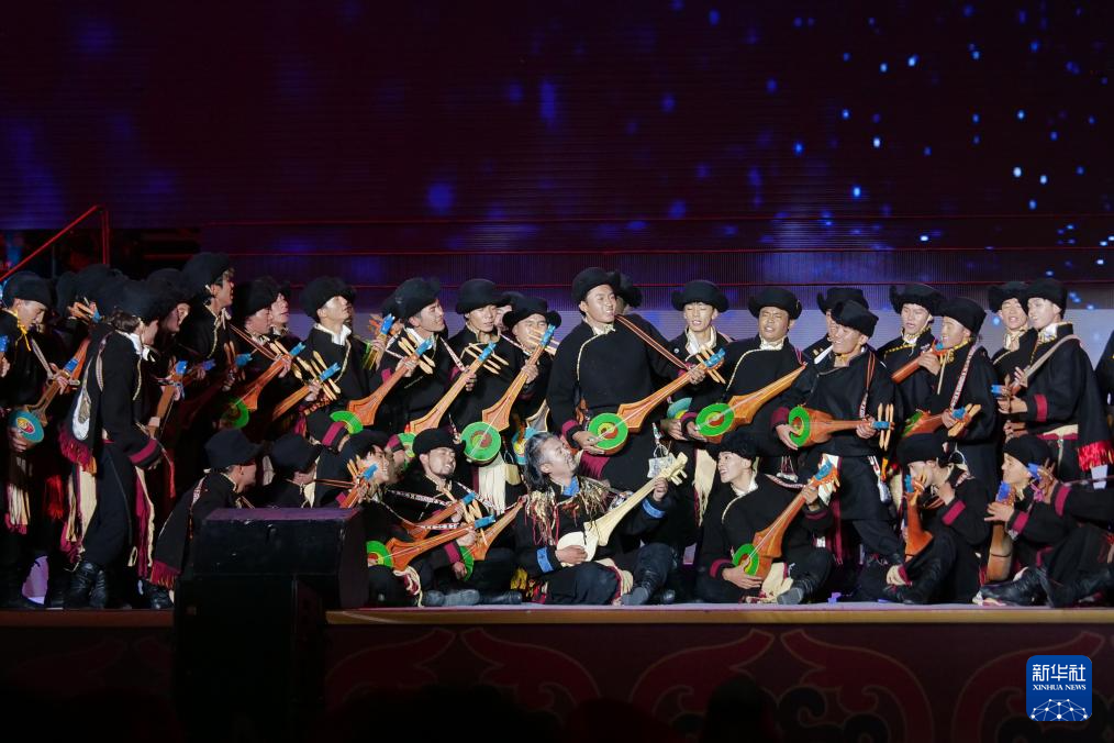 第八屆象雄文化旅游節(jié)開幕式現(xiàn)場(chǎng)的文藝表演(8月21日攝)。新華社記者 劉文博 攝
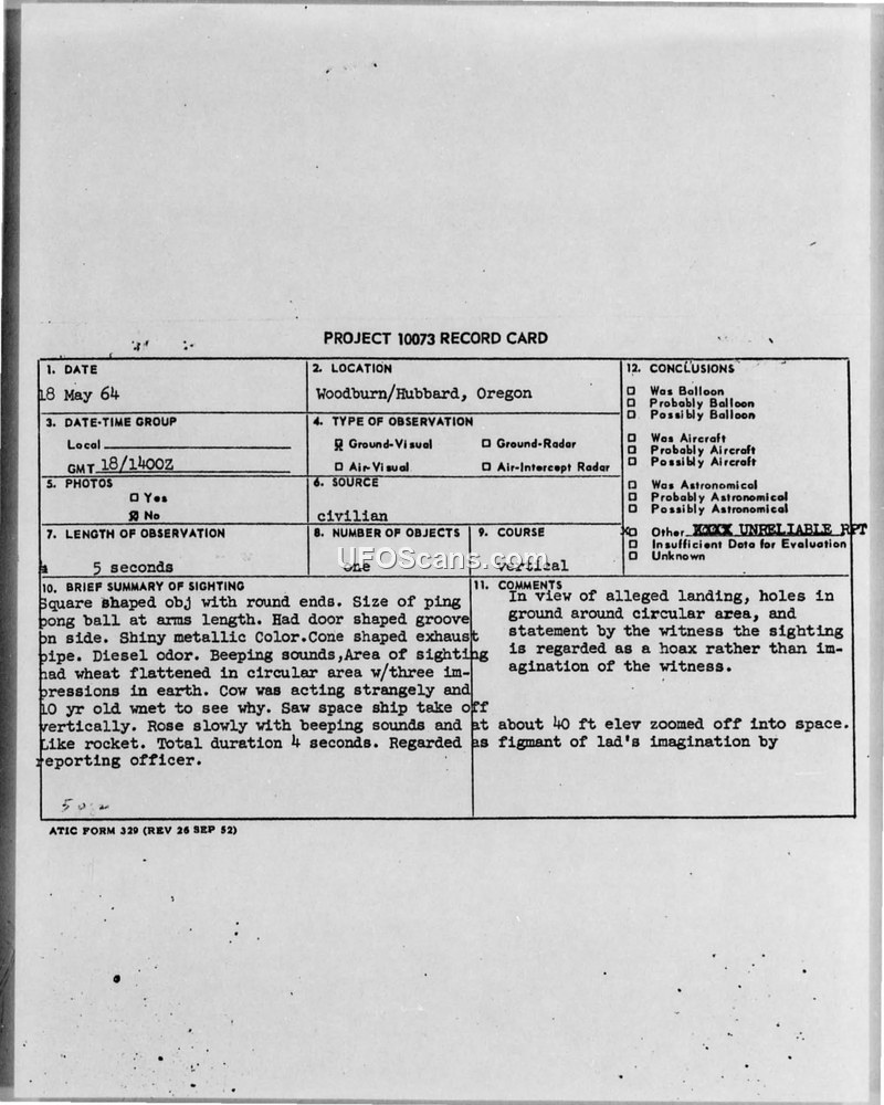 On May 18, 1964, a 10-year-old boy in Woodburn/Hubbard, Oregon, reported observing a square-shaped, shiny metallic object with rounded ends. The witness described the object as being approximately the size of a ping-pong ball at arm's length, featuring a door-shaped groove and a cone-shaped exhaust pipe that emitted a diesel odor. According to the report, the object hovered in a wheat field, made beeping sounds, and then rose vertically before zooming off like a rocket at an altitude of approximately 40 feet. The total duration of the sighting was estimated at five seconds. Following the incident, a circular area of flattened wheat, four feet in diameter, was discovered with three distinct impressions on the edge. The witness's cow was also reported to have been acting strangely. The incident was investigated by the United States Air Force, specifically Major Arthur F. Shiflett, who concluded that the report was non-reliable and likely a hoax or a product of the boy's imagination. The investigator noted that the boy's drawing of the object closely resembled an illustration from a contemporary comic strip. Despite the physical traces found in the field, the official military assessment dismissed the event as a fabrication.
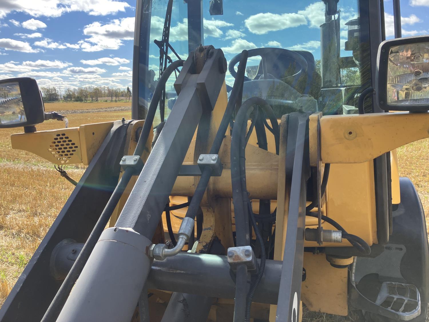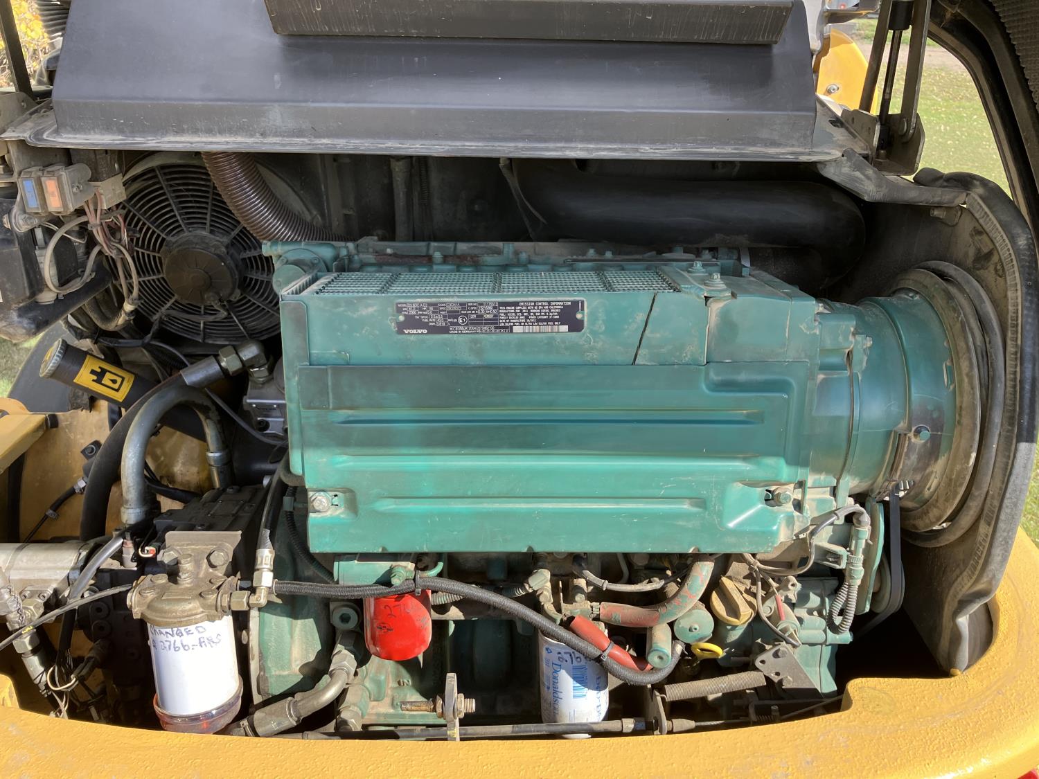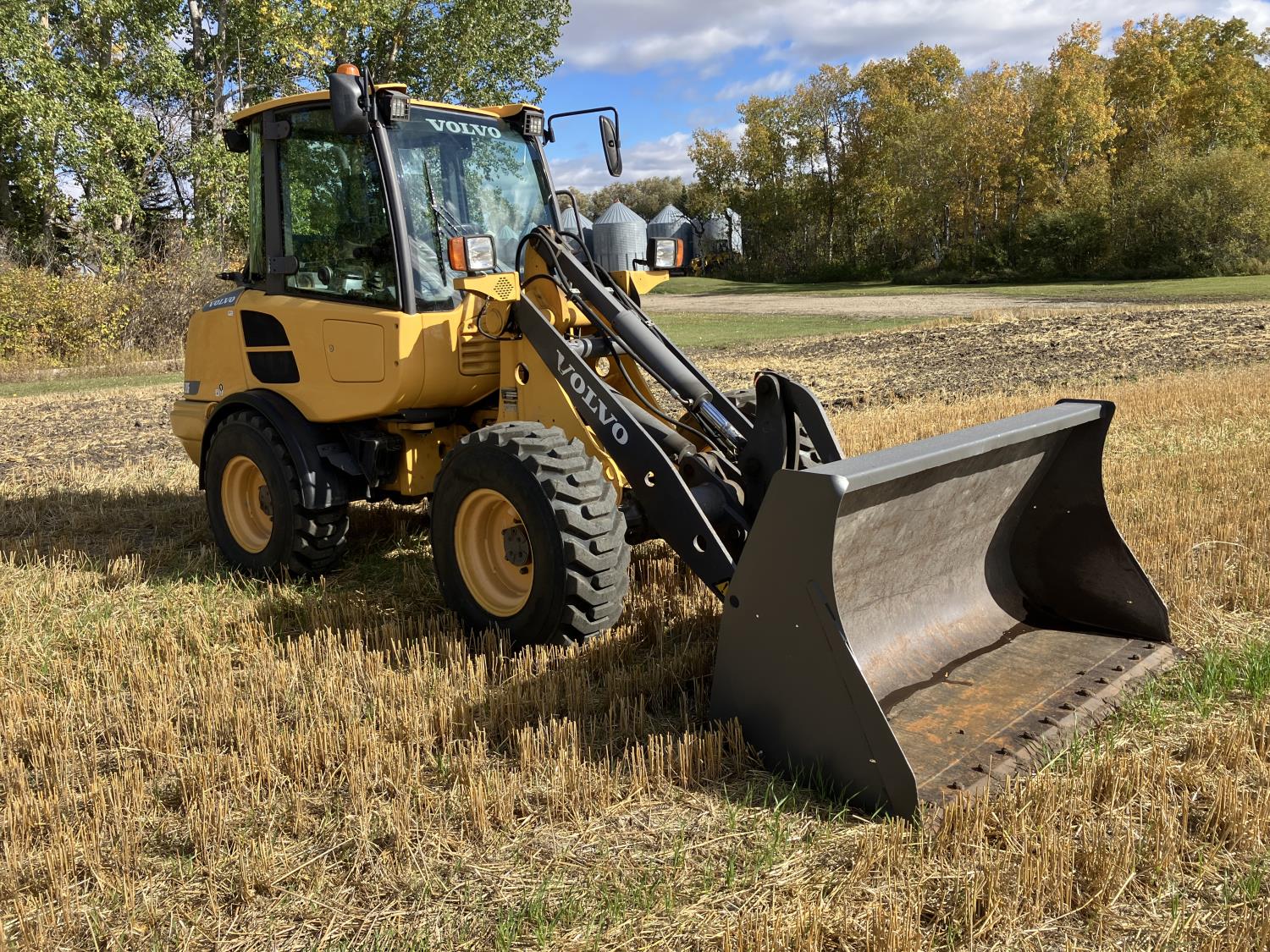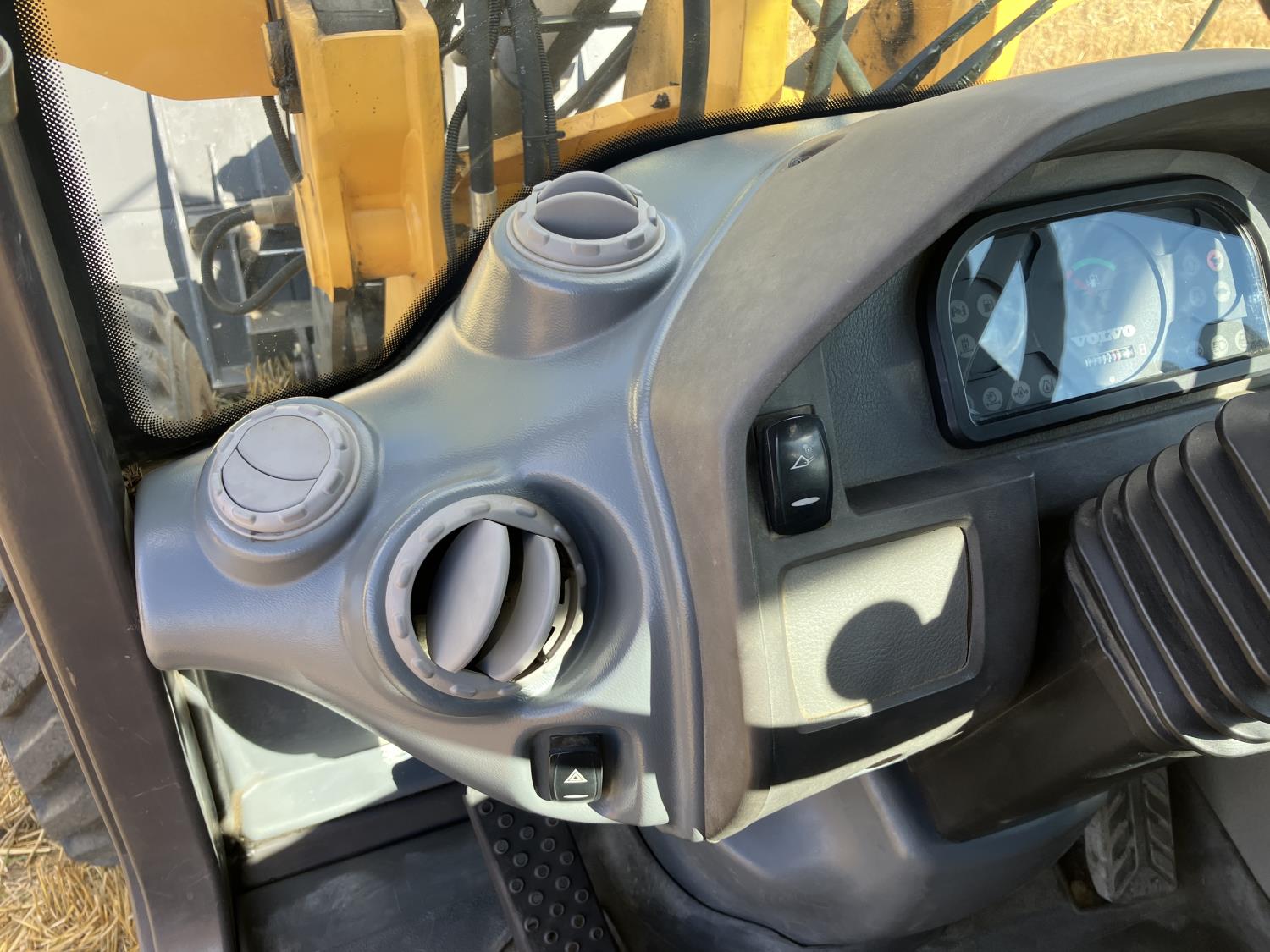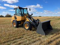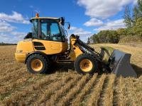 Enclosed cab, A/C, 2 speed hydro transmission, Volvo D3,6DC,AE3 air cooled diesel engine, 48 inch pallet forks, WBM 70" bucket with hydraulic steer steer Q/A, diesel engine heater, operators manual, 12.5/80-18 tires
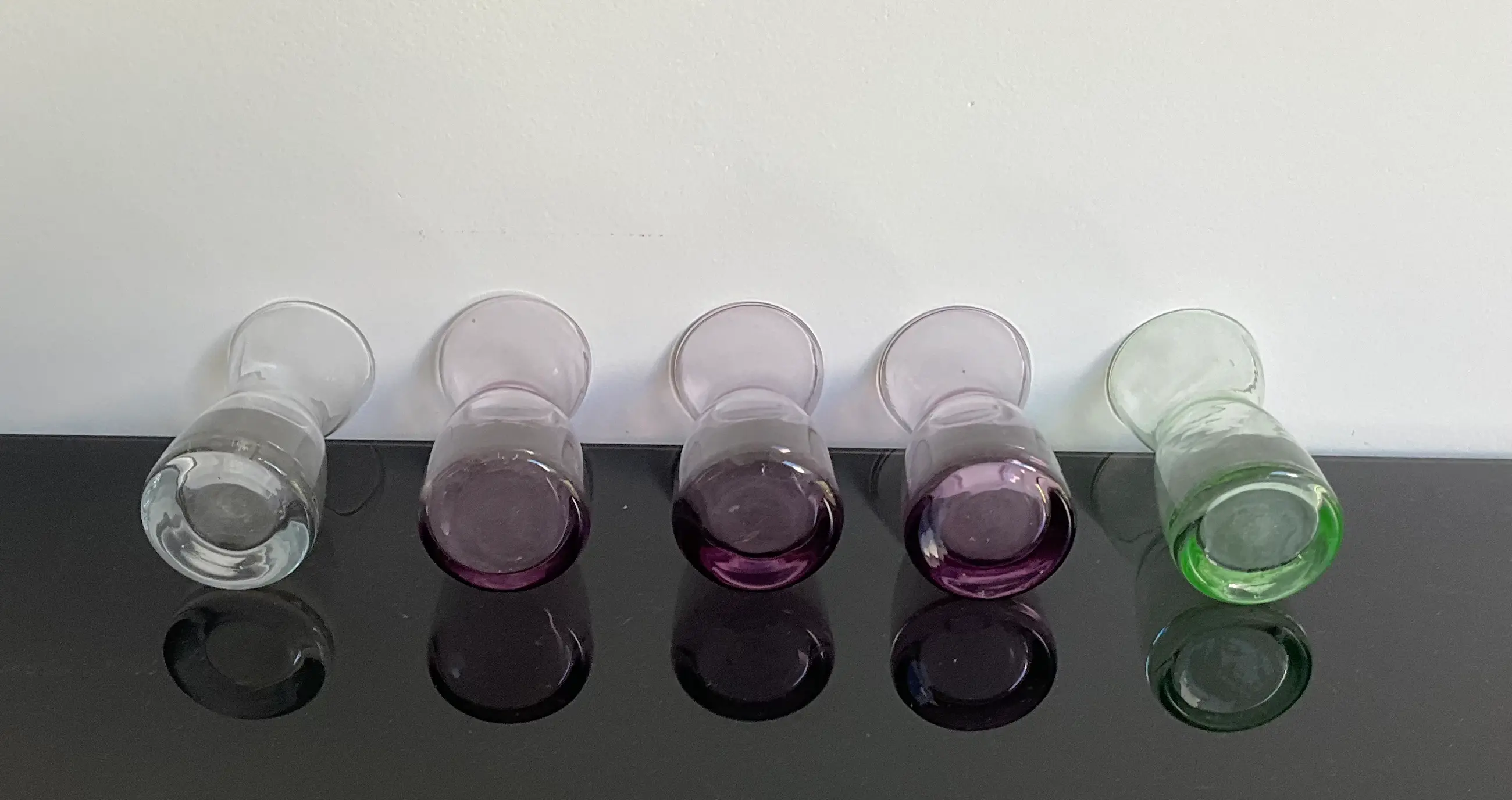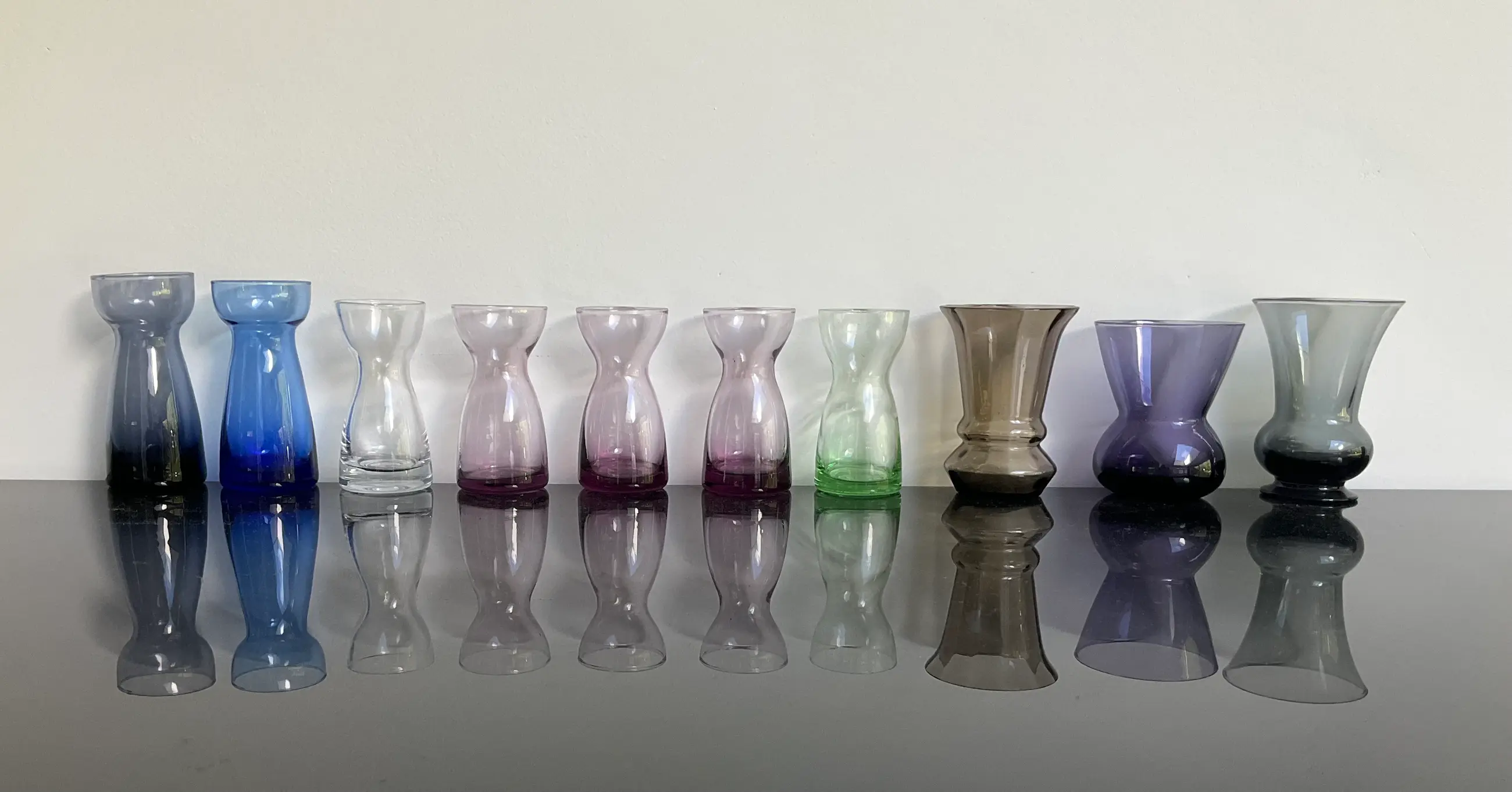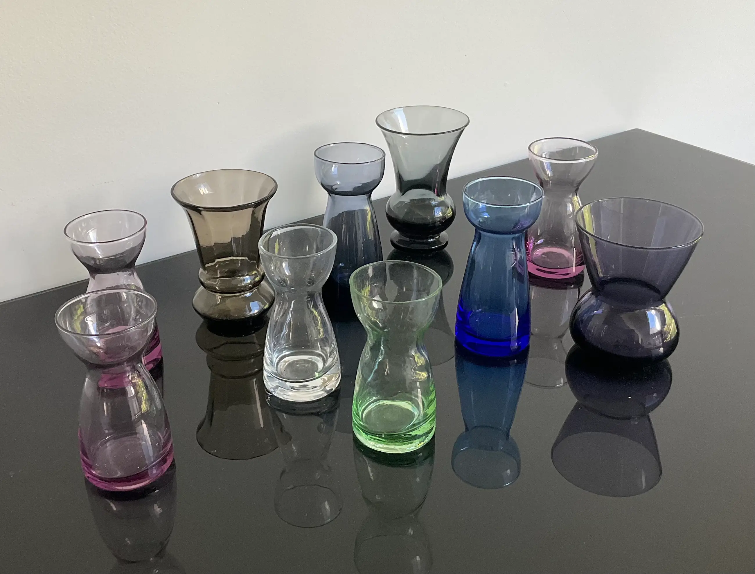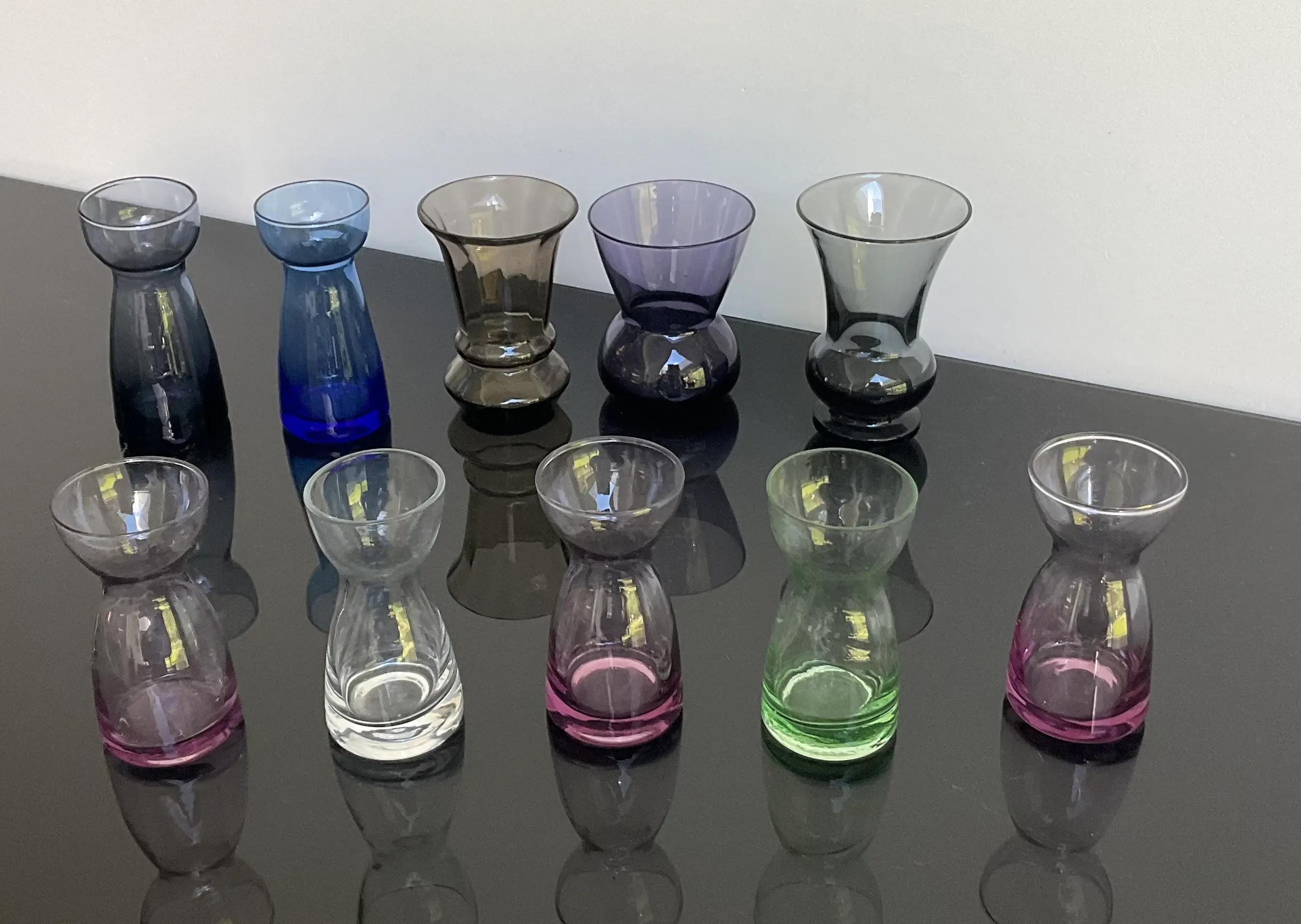 Verzameling van negen bijzondere mini vaasjes. Van Kristal Unie e.a. De hoogte van de vaasjes varieert van 7,5 tot 9 cm. Alle vaasjes zijn helder en gaaf.

[Task prompt] Could you reproduce the data above exactly, without its pictures?

[Answer below]
 第八屆象雄文化旅游節(jié)開幕式現(xiàn)場(chǎng)的文藝表演(8月21日攝)。新華社記者 劉文博 攝
 On May 18, 1964, a 10-year-old boy in Woodburn/Hubbard, Oregon, reported observing a square-shaped, shiny metallic object with rounded ends. The witness described the object as being approximately the size of a ping-pong ball at arm's length, featuring a door-shaped groove and a cone-shaped exhaust pipe that emitted a diesel odor. According to the report, the object hovered in a wheat field, made beeping sounds, and then rose vertically before zooming off like a rocket at an altitude of approximately 40 feet. The total duration of the sighting was estimated at five seconds. Following the incident, a circular area of flattened wheat, four feet in diameter, was discovered with three distinct impressions on the edge. The witness's cow was also reported to have been acting strangely. The incident was investigated by the United States Air Force, specifically Major Arthur F. Shiflett, who concluded that the report was non-reliable and likely a hoax or a product of the boy's imagination. The investigator noted that the boy's drawing of the object closely resembled an illustration from a contemporary comic strip. Despite the physical traces found in the field, the official military assessment dismissed the event as a fabrication.
 Enclosed cab, A/C, 2 speed hydro transmission, Volvo D3,6DC,AE3 air cooled diesel engine, 48 inch pallet forks, WBM 70" bucket with hydraulic steer steer Q/A, diesel engine heater, operators manual, 12.5/80-18 tires
 Verzameling van negen bijzondere mini vaasjes. Van Kristal Unie e.a. De hoogte van de vaasjes varieert van 7,5 tot 9 cm. Alle vaasjes zijn helder en gaaf.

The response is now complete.